Женщина развернула шаль, глянула ее на солнце: не светятся ль дырки.
– Кто ж тебе, мальчик, даст такую цену? – сказала она, словно жалеючи его, но не выпуская товар из худых желтых пальцев. – Такие полушалки в старину носили. Нынче мода совсем другая. Это вот мне для свекрови нужно, я и спрашиваю. Чтоб не терять зря времени – бери шесть рублей. Больше никто не даст.
Торговаться Ленька не умел и лишь отрицательно покачал головой.
– Ты, детка, прямо как в магазине. На базаре так нельзя, уступать надо. Ладно, полтинник еще набавлю.
– Нет. Вот за девять рублей берите.
– Ну гляди, пожалеешь.
Она вернула ему полушалок и затерялась в толпе.
«Может, надо было еще рубль уступить?» – подумал Ленька.
Все выше подымалось солнце, все жарче припекало. Народ в привозе и у ларьков поредел еще сильнее. Ленька пошел отыскивать женщину, которая хотела взять шаль для свекрови, но то ли не приметил ее, то ли она уже ушла. «Эх, дурак, дурак! Поторговаться надо было, может, она и набавила бы.
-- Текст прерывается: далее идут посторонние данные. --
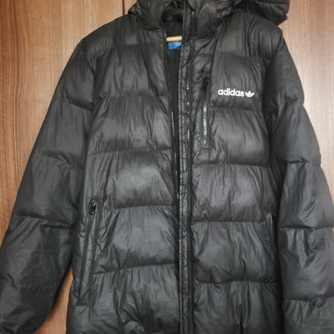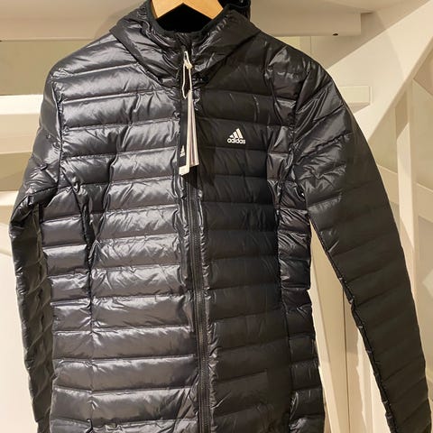 Adidas musta untuvatakki, koko miesten S. Täyte 70% untuvaa ja 30% höyheniä.
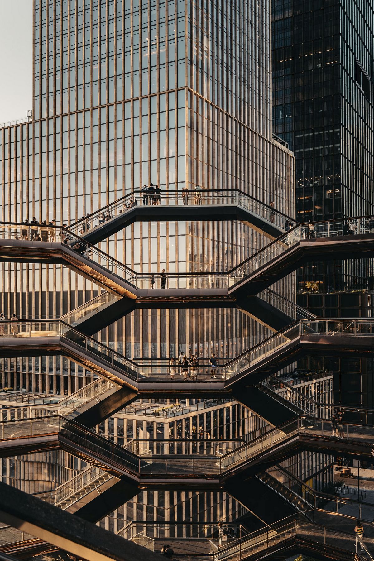 벌집 모양의 상징적인 이 건축물은 뉴욕 '리틀 아일랜드'와 상하이 '1000개의 나무'를 설계한 거장 토마스 헤더윅의 작품입니다. 2010년대 맨해튼에선 복합 문화공간인 허드슨 야드를 재개발하는 프로젝트가 진행되고 있었습니다. 개발사가 변혁적이고 기념비적인 랜드 마크를 고민하던 중, 컨셉을 실현시킬 건축가 토마스 헤더윅을 만나게 되죠. 토마스 헤더윅은 고대 인도의 지하 계단 우물에서 영감을 받아 2500개의 계단과 16층 높이의 압도적인 전망대를 설계했습니다.
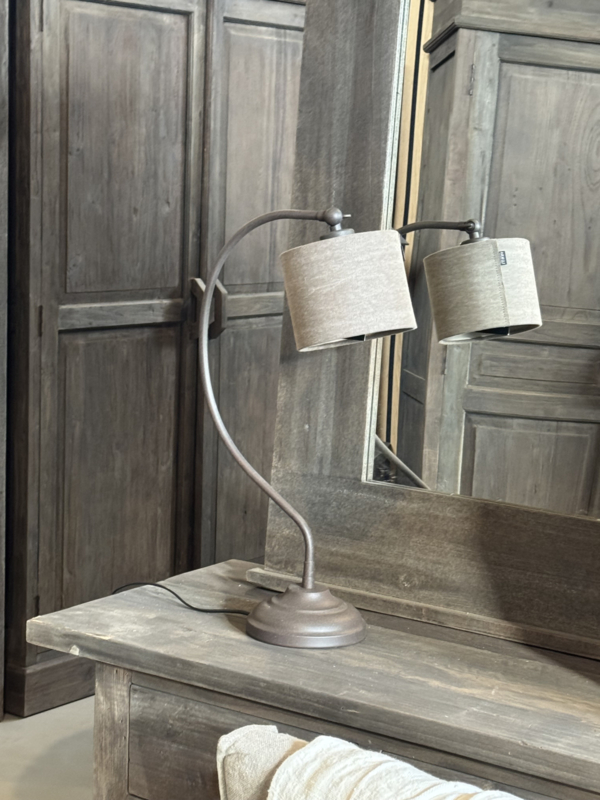Mooie bruine tafellamp met een sierlijke boog. - rough brown
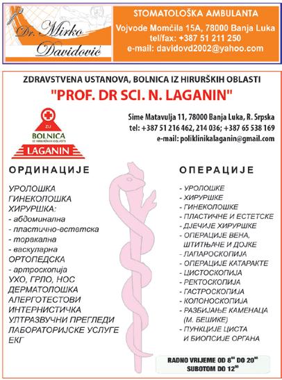 Redakcija: 78000 Banja Luka, Branka Ćopića 15, Tel: +387 (0)51 318 606, +387 (0) 65 603 346; e-mail: medici.com@blic.net; www.medicicom.com
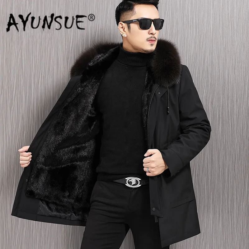 Мужская парка AYUNSUE с воротником из лисьего меха, зимняя теплая парка с норковой подкладкой, шуба 26-9817173 YY322

Да и шесть с полтиной – большие деньги».
Одуревший от голода и зноя, Ленька сам подошел к станичнице у деревянного топчана. Она продавала из бочонка мед, вокруг липких весов и стакана вились пчелы, осы.
– Купи, тетенька.
– Зачем мне такое старье?
Леньке стало еще тоскливее.
– Ну-ка, что это у тебя? – раздался над ним равнодушный сипловатый голос. Очень высокий, очень толстый пузатый мужчина, в зеленой засаленной шляпе с обвисшими полями, в широченных, обтрепанных снизу гороховых штанах, ярко-рыжий, веснушчатый, неторопливо взял у него шаль, развернул, поглядел на свет. Найдя крошечную дырочку, пробитую молью, он, громко сопя, расковырял ее толстым, будто сосиска, пальцем и процедил сквозь зубы – Чего просишь?
– Восемь рублей окончательно.
– Может, сотню? – негромко, насмешливо сказал рыжий в шляпе и зорко, пытливо оглядел мальчишку зелеными, в рыжих искорках глазками. – Ей гривенник цена в базарный день, а нынче только подторжище.
Ленька не без удивления смотрел на эту гору мяса, неведомо как втиснутую в засаленный пиджачище, на огромные ноги в разбитых, искривленных, словно не выдержавших такой тяжести, туфлях.
– Полушалок хороший. Дешевле не отдам.
– Хороший из старой рогожи? – как бы про себя произнес рыжий пузан и, вновь окинув Леньку пронзительным, оценивающим взглядом, стал на ощупь определять качество полушалка. – И бабка когда-то девкой была, да вся вылиняла. Получай полтинник и ступай ешь мороженое. А?
– Не. Мало даете..
– Мало у попа святости, а мы платим всегда с лишком!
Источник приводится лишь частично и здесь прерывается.